O cão de Boris Johnson

Se política e comédia coexistem muitas vezes estreitamente, quando entram em choque frontal o resultado pode ser simplesmente catastrófico.

As imagem mais vistas nas televisões e nos jornais para ilustrar a vitória de Boris Johnson nas eleições britânicas foram a da sua entrada e saída da secção de voto levando o cão pela trela – sobretudo quando, finalmente, o ergue e beija ternamente na cabeça. Boris não se enganou ao levar o cão consigo à “poll station”, imaginando porventura que essa poderia ser a imagem mais afectuosa do seu triunfo (bem maior, aliás, do que o próprio Boris sonharia).

Foto
Dylan Martinez/REUTERS

Uma das suas artes consumadas é, de resto, a encenação de situações espalhafatosas e burlescas que o expõem ao ridículo mas também à cumplicidade divertida de admiradores e até de adversários. Boris não receia chocar porque esse impulso é nele irresistível e corresponde à pose de “clown" que insistentemente cultiva. E talvez apenas uma personagem deste género pudesse convencer os britânicos a se libertarem do interminável pesadelo do “Brexit": a saída da tragédia só é possível através da comédia. Por outro lado, para os que já encaravam anteriormente a situação como uma comédia que ameaçava afundar o que restava da reputação imperial do Reino Unido, quem melhor do que um comediante consumado como Boris para impedir que essa comédia degenerasse em tragédia?

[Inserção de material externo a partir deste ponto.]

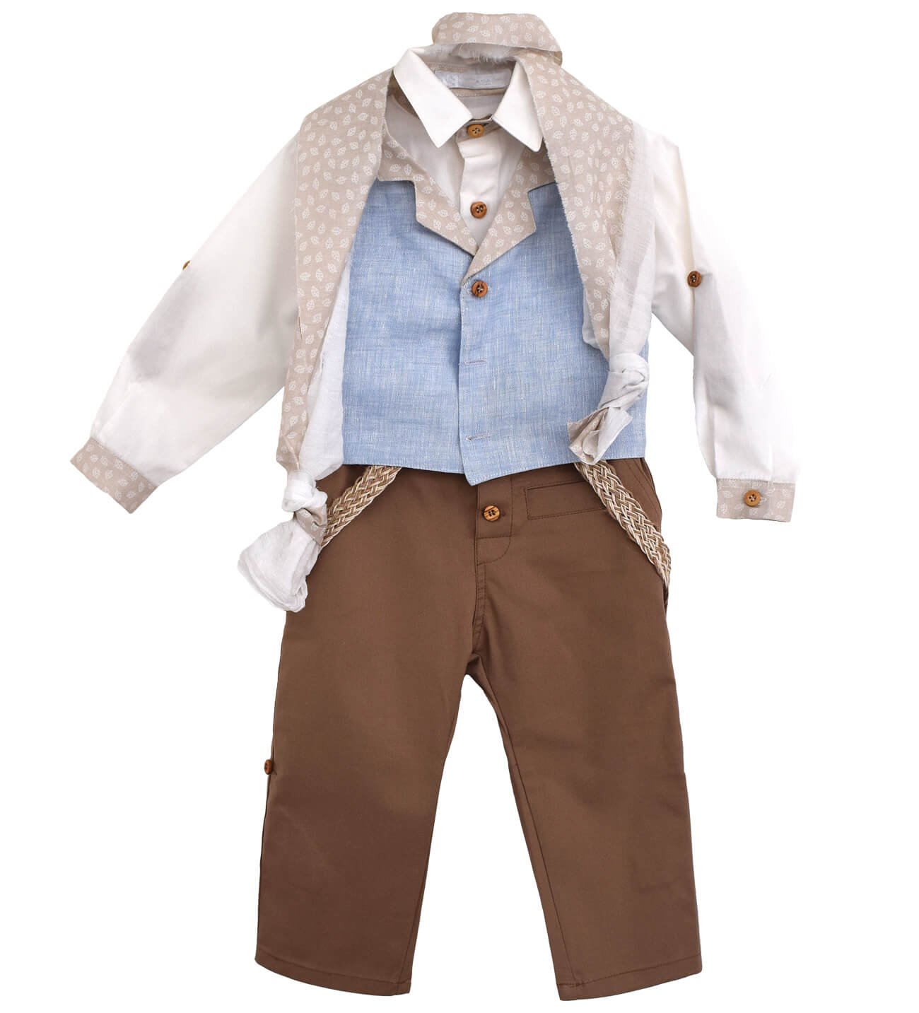 Βαπτιστικά ρούχα, ελληνικής ραφής, υψηλής ποιότητας. Παράγονται στον επαγγελματικό μας χώρο κατά παραγγελία στα μέτρα του παιδιού. Βαπτιστικό ρούχο με πουκάμισο μάο βαμβακερό εκρού με ξύλινα κουμπιά, γιλέκο λινό γαλάζιο με πετάκι μπεζ εκρού φύλλα, παντελόνι κλασικό καπαρντίνα καφέ, τιράντες κοτσίδα μπεζ-εκρού, φουλάρι διπλό γάζα εκρού και μπεζ με εκρού φυλλαράκια.

Eis, assim, uma hipótese de resumir os motivos que levaram os britânicos – com excepção dos escoceses e dos irlandeses – a contrariar uma convicção que se instalara através de múltiplas sondagens ao longo dos últimos três anos: a de que uma maioria dos súbditos de Sua Majestade seria, afinal, contra o “Brexit" e a favor do “Remain”. Ora, mesmo que essas sondagens reflectissem a realidade, a duração infindável de uma crise política centrada exclusiva e obsessivamente no “Brexit" tornou-se literalmente insuportável. Era preciso sair do pesadelo – e só Boris, com a ajuda providencial de Corbyn, o pior candidato trabalhista imaginável, poderia proporcioná-lo através de um dos seus golpes irresistíveis de comediante.

Política e comédia nunca deixaram de coexistir, por vezes com uma intimidade quase obscena, e Boris Johnson tornou-se, com a sua esmagadora vitória da semana passada, o maior comediante político da sua geração.

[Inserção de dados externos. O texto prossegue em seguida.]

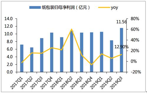 數(shù)據(jù)來(lái)源:公共資料整理 紙包裝版塊2017-2019Q3歸母凈利潤(rùn)(億元)及增速

Apesar das possíveis semelhanças e familiaridade com outros políticos populistas – como Trump, Bolsonaro ou Órban –, o registo de Boris é outro: pode não ter vergonha de mentir descaradamente ou dizer enormidades ridículas, mas dificilmente o poderemos associar aos discursos do ódio e outras barbaridades mais ou menos extremistas que caracterizam essas personagens. Não por acaso, apesar das cumplicidades que partilham, Boris temeu durante a campanha eleitoral aparecer em público ao lado de Trump (como este desejaria).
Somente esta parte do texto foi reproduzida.